Как обычно, он поздно засиделся за книгой. Саша легла рано. Он думал, что она давно спит. Но вдруг горячие руки обвили его шею. Петро даже не слышал, как жена встала с постели, подошла к нему.
Он поцеловал ее руку.
— Что это тебе не спится?
— Я думала.
— О чем?
— О нас. Я хочу тебе что-то сказать.
— Приятное или неприятное?
— Не знаю. Как кому.
— Не мучай загадками.
Однако она долго молчала, и у Петра тревожно сжалось сердце.
— У нас будет ребенок.
Ничего, казалось, особенного. Они не раз говорили о том, что один ребенок — не семья. И все-таки Сашино сообщение ошарашило его — встревожило и обрадовало. Сердце точно оборвалось. Слушая его бурные удары, Петро не сразу нашелся что сказать.
— Ты не рад?
Он понял, что ведет себя нелепо. Вскочил, обнял жену, поцеловал.
— Что ты! Я очень рад.
Она отвела руками его голову, пристально посмотрела в глаза.
— Только не обманывай. Я хочу знать…
— Сашенька, милая! Как ты можешь? Опять ты думаешь обо мне бог знает что!
— Не боишься, что ребенок помешает тебе учиться?
— Не боюсь. Мне теперь ничто не помешает!
— О, ты не знаешь, что такое маленький ребенок! В одной комнате… И расходы… — Саша вздохнула.
— О чем ты беспокоишься! Овчаровы построят себе хату — займем их комнату. И не всегда же нам будет так трудно!
Она прильнула к нему, помолчала, потом сказала ласково:
— Не бойся. Я все возьму на себя, только бы ты учился.
С того вечера это и началось. Проводил урок, а думал о Саше. Шла она в другую деревню — он выходил встречать. Ему было мучительно не видеть ее даже два-три часа. Сидя в кабинете председателя сельсовета, он с наслаждением прислушивался к ее голосу за стеной, в медпункте. Предупреждал каждое ее желание. Саша подсмеивалась над его столь неумеренной заботливостью.
И вот — опять. Когда ж она искренна? Не принуждает ли она себя быть доброй, любящей? Нет, так притворяться нельзя! Саша во всем естественна — в любви и ненависти, в нежности и в злости. А сегодня он сам виноват, первый, при людях, грубо накинулся на нее: не учи, мол, меня, и вообще не твоего женского ума это дело. Понятно, что женщина, да еще в таком положении, не могла стерпеть.
Домостроевец! Феодал!
Так бывало уже не однажды: после вспышки гнева и клятвы, что теперь он ни за что не сделает первого шага к примирению, Петро, подумав и проанализировав причину ссоры, в конце концов приходил к выводу: он сам виноват. Отчего это происходило?
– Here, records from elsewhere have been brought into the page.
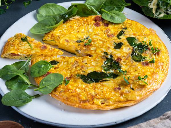 Oppskrift på smakfull bondeomelett, eller fransk omelett, med chorizo fra Ask gård, Bufarost, løk og spinat. Dette er en rask og enkel omeletten som passer fint å servere til både frokost og lunsj. Bruk gjerne lokale Matskatter i denne retten.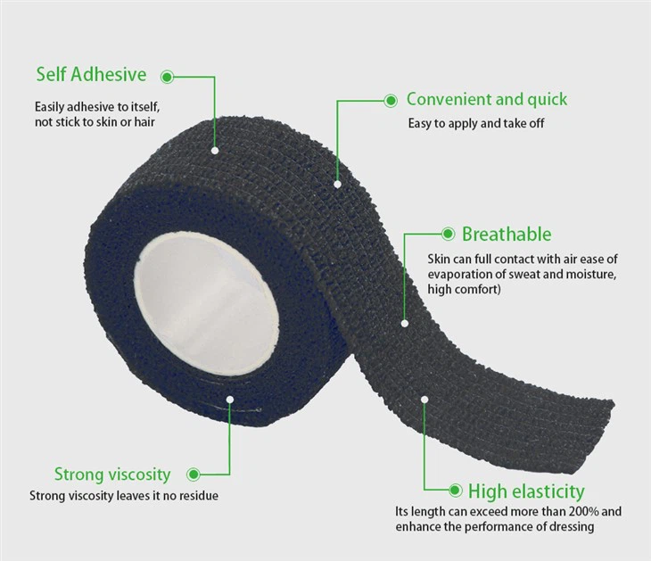 Өздігінен жабысқақ болгамен қапталған бөртпе матадан жасалған матадан немесе мақта матадан, спандекс және медициналық гипоаллергенді жабысқақ. Теріңізді жұмсақ және жайлы сезініп, күшті және керемет қолдауды қамтамасыз етеді. Желімнің екі түрі бар, біреуі латекс және біреуі латекссыз. Шын мәнінде, құрамында латекс құрамында латективті медициналық таспа латекссізден гөрі тиімді, сондықтан сатып алушылардың 95% -дан астамы латекске латекс таңданбайтын таңғыштар үшін жабысқақ таңғыштар ретінде таңдайды; Басқа өзін-өзі жабысатын таспалардан өзгеше, медициналық таспа жоғары температурамен зарарсыздандырылды.
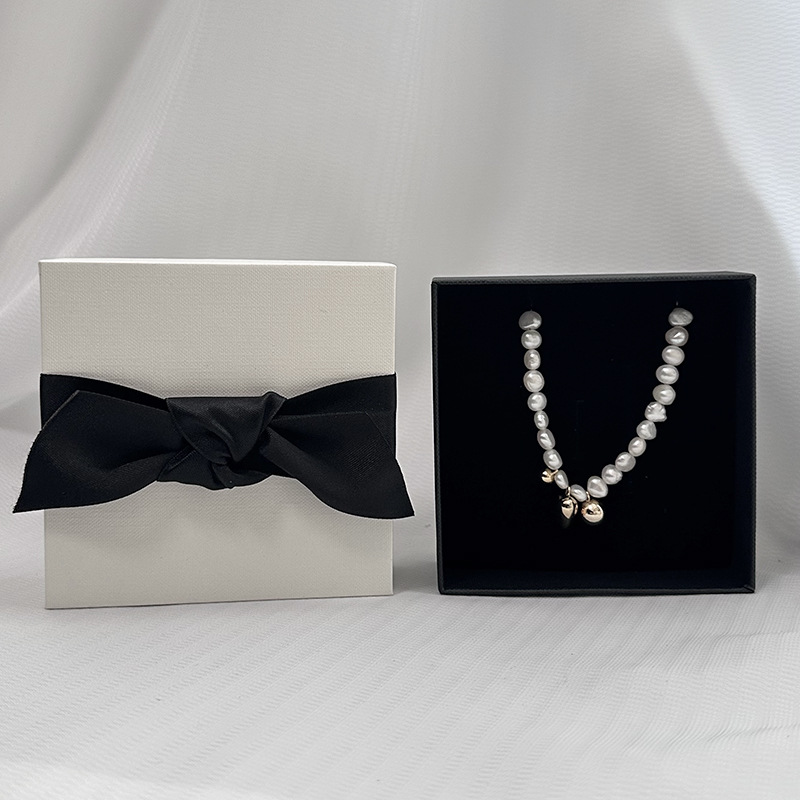 Simple French Style Bracelet Jewelry Gift Box Bow Heaven and Earth Cover Earrings Packaging Box with Cushion Ins High-end Paper Box

От слабости, безволия или, наоборот, от силы его любви?
Во всяком случае, когда и сейчас, лежа рядом с Бобковым на возу, на пахучем сене, Петро решил, что винить надо не Сашу, а себя, ему сразу стало легче. Перестала раздражать медленная езда и болтовня Громыки и Болотного. Прислушался — и сам подключился к Панасу, который подшучивал над понурым Иваном Демидовичем.
В райкоме, кроме сторожа, безногого инвалида, не было ни души.
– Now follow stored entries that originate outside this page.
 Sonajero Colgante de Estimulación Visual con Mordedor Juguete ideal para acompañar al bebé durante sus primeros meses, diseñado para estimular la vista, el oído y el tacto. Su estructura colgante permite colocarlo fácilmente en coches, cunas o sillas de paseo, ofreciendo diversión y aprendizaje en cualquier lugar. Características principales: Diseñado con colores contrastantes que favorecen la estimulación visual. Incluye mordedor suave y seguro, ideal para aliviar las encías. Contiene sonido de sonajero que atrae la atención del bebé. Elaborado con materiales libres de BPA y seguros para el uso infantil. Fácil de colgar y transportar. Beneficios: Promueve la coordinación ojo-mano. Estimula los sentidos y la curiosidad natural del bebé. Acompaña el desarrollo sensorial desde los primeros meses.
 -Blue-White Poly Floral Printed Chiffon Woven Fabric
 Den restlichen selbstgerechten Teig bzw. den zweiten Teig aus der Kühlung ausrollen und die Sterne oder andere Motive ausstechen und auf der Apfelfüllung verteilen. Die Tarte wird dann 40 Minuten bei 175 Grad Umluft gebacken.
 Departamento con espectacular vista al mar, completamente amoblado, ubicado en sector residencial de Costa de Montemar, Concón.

— Все в колхозах. Анисим Петрович разослал. Из всех учреждений.
Это удивило: в их колхозы, в каких-нибудь десяти — пятнадцати километрах от райцентра, почему-то до сих пор не добрался ни один уполномоченный.
Петро сообразил, что никакого бюро не будет, самое большое — вернется Анисимов и учинит им разнос. Он сказал об этом товарищам по несчастью. Бобков повеселел: если так, один Анисимов ничего не запишет, а на словах пускай разносит сколько хочет — не привыкать.